当前位置:网站首页>Implementation principle and application practice of Flink CDC mongodb connector

Implementation principle and application practice of Flink CDC mongodb connector

2022-06-21 20:20:00 Apache Flink

This paper is compiled from XTransfer Senior Java Development Engineer 、Flink CDC Maintainer Sunjiabao is Flink CDC Meetup Speech . The main contents include :

  1. MongoDB Change Stream Technical introduction
  2. MongoDB CDC Connector Business practice
  3. MongoDB CDC Connector Production tuning
  4. MongoDB CDC Connector Parallelization Snapshot improvement
  5. Follow up planning

Click to view live playback & speech PDF

One 、MongoDB Change Stream Technical introduction

MongoDB Is a document oriented non relational database , Support semi-structured data storage ; It is also a distributed database , Two cluster deployment modes, replica set and shard set, are provided , High availability and horizontal scalability , It is suitable for large-scale data storage . in addition , MongoDB 4.0 Version also provides support for multi document transactions , It is more friendly to some complex business scenarios .

MongoDB A weakly structured storage mode is used , Support flexible data structure and rich data types , fit Json file 、 label 、 snapshot 、 Location 、 Business scenarios such as content storage . Its natural distributed architecture provides out of the box sharding mechanism and automation rebalance Ability , Suitable for large-scale data storage . in addition , MongoDB It also provides the function of distributed grid file storage , namely GridFS, Suitable for pictures 、 Audio 、 Storage of large files such as video .

MongoDB Two cluster mode deployment modes, replica set and shard set, are provided .

Replica set : Highly available deployment mode , The secondary node replicates data by copying the operation logs of the primary node . When the primary node fails , The secondary node and the quorum node will re initiate voting to select a new primary node , Achieve failover . in addition , The secondary node can also share the query request , Reduce the query pressure of main nodes .

Fragment set : Horizontal expansion deployment mode , Spread the data evenly among different Shard On , Every Shard Can be deployed as a replica set ,Shard The primary node in the hosts read / write requests , The secondary node will copy the operation logs of the primary node , The data can be divided into multiple partitions according to the specified partition index and partition strategy 16MB A block of data , And give these data blocks to different Shard For storage .Config Servers We will record Shard Correspondence with data block .

MongoDB Of Oplog And MySQL Of Binlog similar , Recorded data in MongoDB All operation logs in .Oplog Is a collection with capacity , If it exceeds the preset capacity range , The previous information will be discarded .

And MySQL Of Binlog Different , Oplog Before the change is not recorded / Complete information after . Traverse Oplog It does capture MongoDB Data change of , But I want to convert it into Flink Supported by Changelog There are still some limitations .

First , subscribe Oplog Is difficult . Each replica assembly maintains its own Oplog, For fragmented clusters , Every Shard It may be a separate replica set , Need to traverse each Shard Of Oplog And sort according to the operation time . in addition , Oplog The complete status before and after the change document is not included , Therefore, it cannot be converted into Flink The standard Changelog , Nor can it be converted into Upsert Type of Changelog . This is what we are trying to achieve MongoDB CDC Connector There is no direct subscription Oplog The main reason for the scheme .

In the end, we chose to use MongoDB Change Streams Plan to achieve MongoDB CDC Connector.

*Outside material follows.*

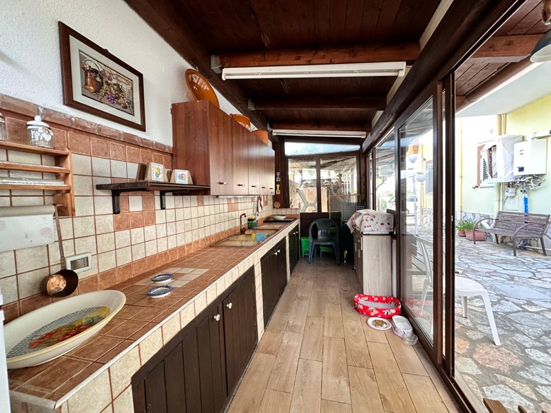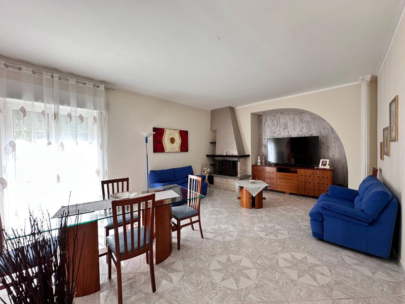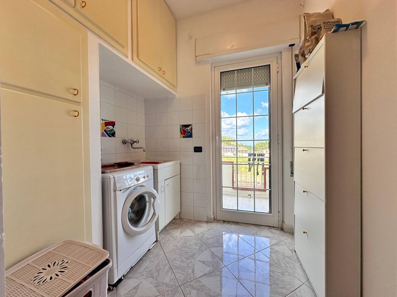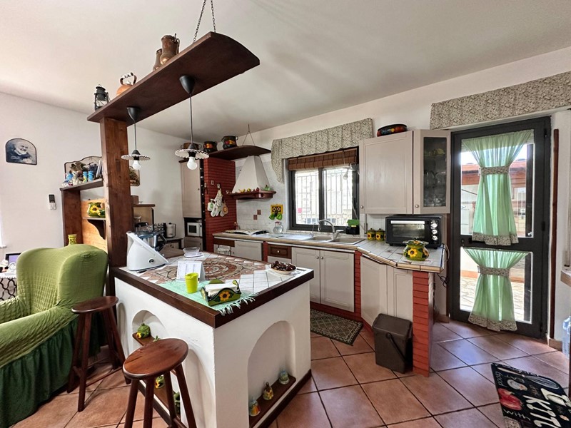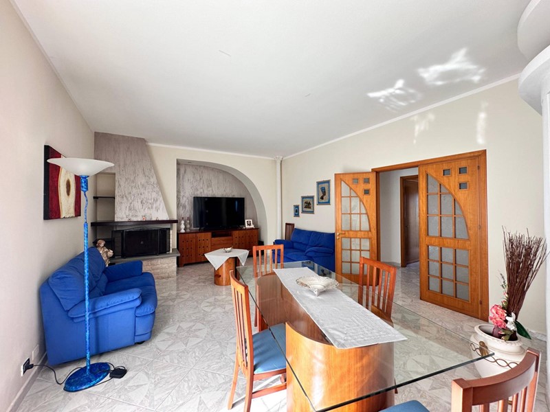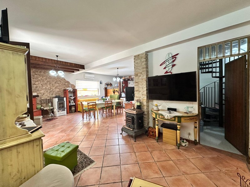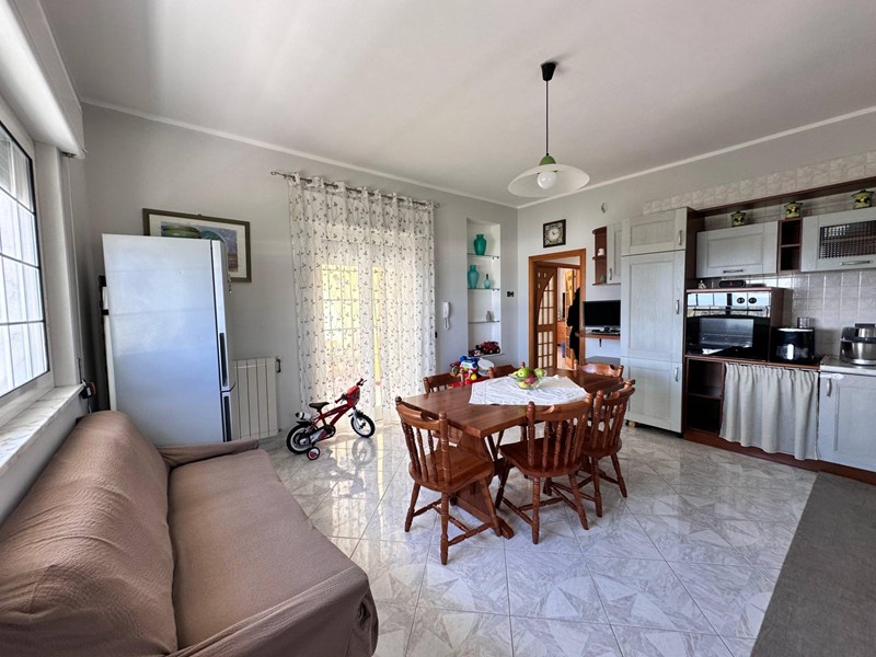 Uno degli ingressi conduce a una cucina luminosa e moderna, collegata tramite un piccolo disimpegno al grande soggiorno, accogliente e soleggiato.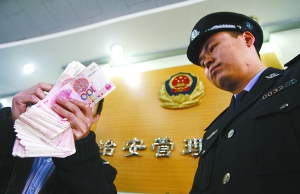 昨日,北京治安管理總隊,獲得2萬元獎勵的非法煙花舉報人李先生清點自己的獎金。 記者 張濤 攝

Change Streams yes MongoDB 3.6 New features provided by version , It provides a simpler change data capture interface , Direct traversal is shielded Oplog Complexity .Change Streams It also provides the function of extracting the complete status of the changed document , It can be easily converted into Flink Upsert Type of Changelog. It also provides relatively complete fault recovery capability , Each change record data will contain a resume token To record the location of the current change flow . After the failure , Can pass resume token Recover from the current consumption point .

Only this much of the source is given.